In this version, Tom Duff played Norton I and read from his various edicts, while the spoken words are processed by three electronic performers Chris Brown, Kristin Miltner and Wobbly. Indeed. all the electronic sounds were based on Tom Duff’s voice. At first, the electronic manipulations kept the words intact through various delay, pitch and time effects; but over time the electronics became more complex, with delay lines or samples short enough for the snippets from the original voice to form completely different timbres, and as such became more detached from the stage performance. I found myself focusing heavily on the video work of Tim Thompson along with the theatrical performance, and the electronic sounds became part of the background. One particularly strong visual moment was when Tom Duff/Norton I built a small “city” out of colored translucent cubes and shining flashlights through them. This illuminated construction was then picked up by the video and projected onto the screen.

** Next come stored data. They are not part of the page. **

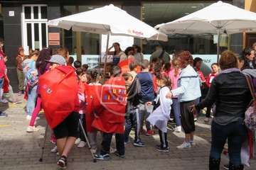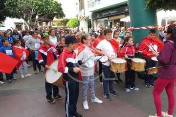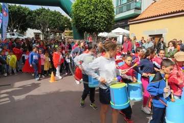 A modo de calentamiento general, los alumnos hicieron un recorrido por el circuito acompañado por una batucada escolar dirigida por la profesora Carmen Aceytuno y bailaron al son de la pegadiza canción Pa’ fuera. Luego tuvieron lugar las carreras por ciclos por un circuito de 100 metros de longitud en las que muchos pequeños participaron acompañados de sus padres y profesores.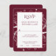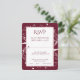Senden Sie Ihren Gästen eine einfache und elegante Wine Blüh Wedding RSVP Card mit Ihrer Einladung. Das Design der Response-Karte zeichnet sich durch eine elegante, weiche Farbe aus, geblüht mit farblich abgestimmtem Hintergrund. Personalisieren Sie Ihre Einstellungen mit dem Datum der Antwort und den Menüoptionen. Mit diesem Design sind auch weitere Hochzeitswaren erhältlich.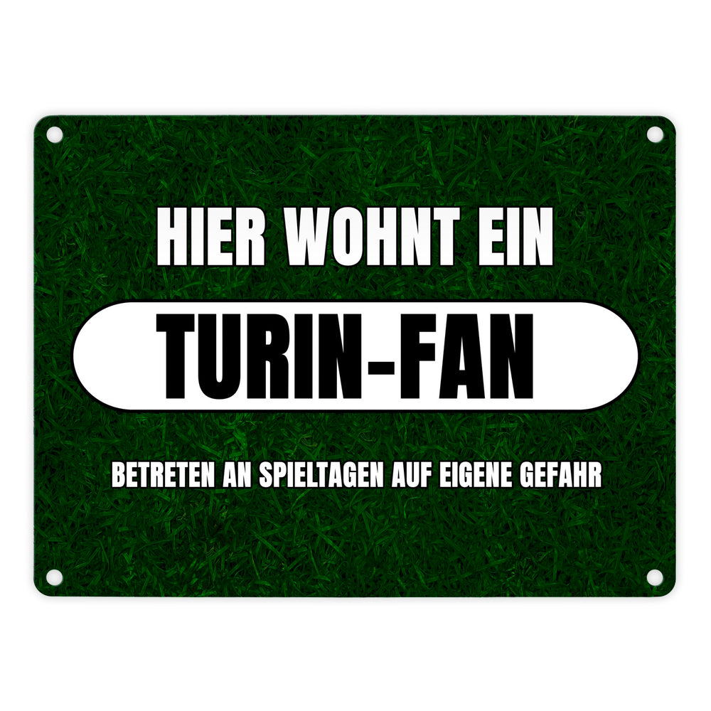Hier wohnt ein Turin-Fan Metallschild in 15x20 cm mit Rasenmotiv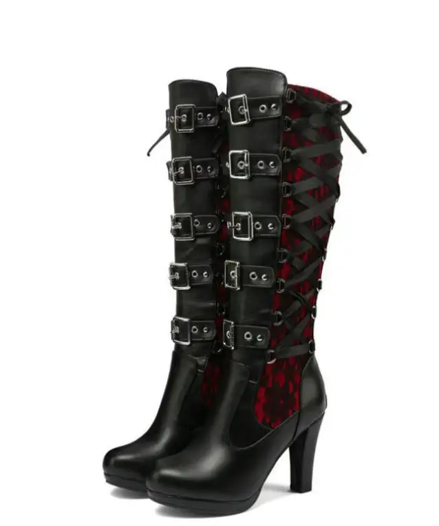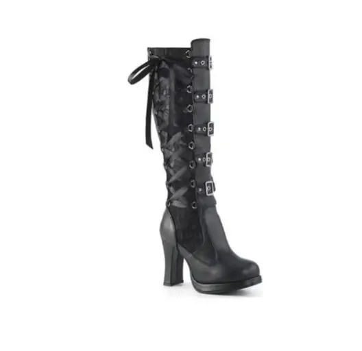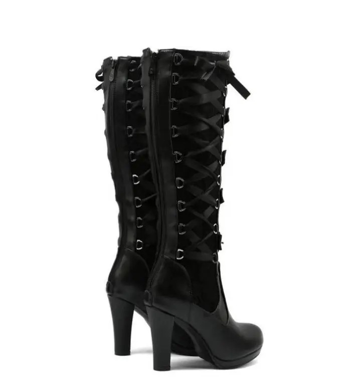 High-heeled boots Platform Boots for Women Lace Up Chunky High Heel Mid Calf Boots Narrow Band Bow Knot Goth Gothic Shoes 2025

There was a middle section in which our protagonist appeared to go to sleep (perhaps dreaming) and the electronic music became the focus, with the video playing against the sounds (which were still entirely based on previously sampled vocal material). There was an overall calm pace to the entire opera performance, punctuated by the dramatic proclamations and occasional abrupt shifts in timbre or visuals; and one simply became immersed in the whole experience.

Pamela Z concluded the festival with what she described as an “old-new sandwich” with several short pieces. The first “older” pieces included looped rhythms layered with rich vocal textures and harmonies, with one featuring a dramatic simulation of a manual typewriter complete with carriage return. There was a performance of a piece I had originally seen her perform at room: PIPES back in May. The next piece was the “new” part, a work in progress entitled Baggage Allowance. It opened with a video of a baggage carousel, with various people reciting the contents of their luggage (clothing, toiletries, books, etc.). The contents became a little more unusual over time, as people described confiscated items and even an attempt to hide a knife at LAX. A simulated x-ray of a bag included strange objects like a frog and a gun (actually, I suppose I gun isn’t all that strange). This was set against live electronic processing of vocals as well as other sounds such as the popping of bubble wrap. The final piece was another older work involving delays and dramatic harmonic vocals (it was originally done years ago with hardware effects boxes before being ported to modern laptop computers); as a representation of classic electronic music being redone with modern technology, it was a fitting conclusion to the festival.